- Maryland House Gives Preliminary
Approval To $1 Cigarette Tax Increase
- The Maryland House of Delegates gave preliminary approval
yesterday, March 25, 1999, to a proposal to raise the state's cigarette tax by
$1 per pack. "This is a great victory for the children of
Maryland," said Vincent DeMarco, executive director of the
Maryland Children's Initiative.
"The House of Delegates stood
up to the tobacco lobby and defeated all attempts to weaken or
kill the bill." Final House approval could come this week.
The
bill would then move to the Senate, where Senate President
Thomas V. Mike Miller Jr. is strongly opposed to a tax increase.
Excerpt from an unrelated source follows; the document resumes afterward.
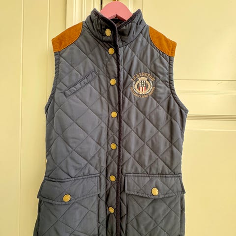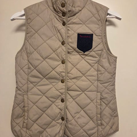 Det er cord i halsen, brun semsket skinn på skuldre, flere lommer og strikk i livet som gir et feminint utseende.

The chair of the Senate Budget and Taxation Committee, Sen.
Barbara Hoffman (D), said that some form of a tax increase will
pass her committee, and the bill's sponsor, Sen. Chris Van
Hollen Jr., said, "I'm optimistic we'll get a healthy tax out
of the committee."
- Source:
- WASHINGTON POST, (3/25/99) "Cigarette Tax Increase Moves Forward In Md.", Robert Pierre, p. B1
- Excerpted from the AP
- March 25, 1999: The Maine Senate followed the lead of the House and voted
Wednesday to outlaw all smoking in Maine restaurants.
The Senate voted 26-6 in favor of 100% smokefree restaurants. The House voted 100-48. "The only
loser in this kind of legislation is the tobacco industry," said Dr. Dora Mills, the state's health
director. Mills left the door open to expanding the ban in the future to pool halls and taverns.
Supporters of the ban have framed their proposal as a restaurant worker health issue, saying
44,000 waiters, waitresses, cooks and other workers face a daily hazard of secondhand smoke.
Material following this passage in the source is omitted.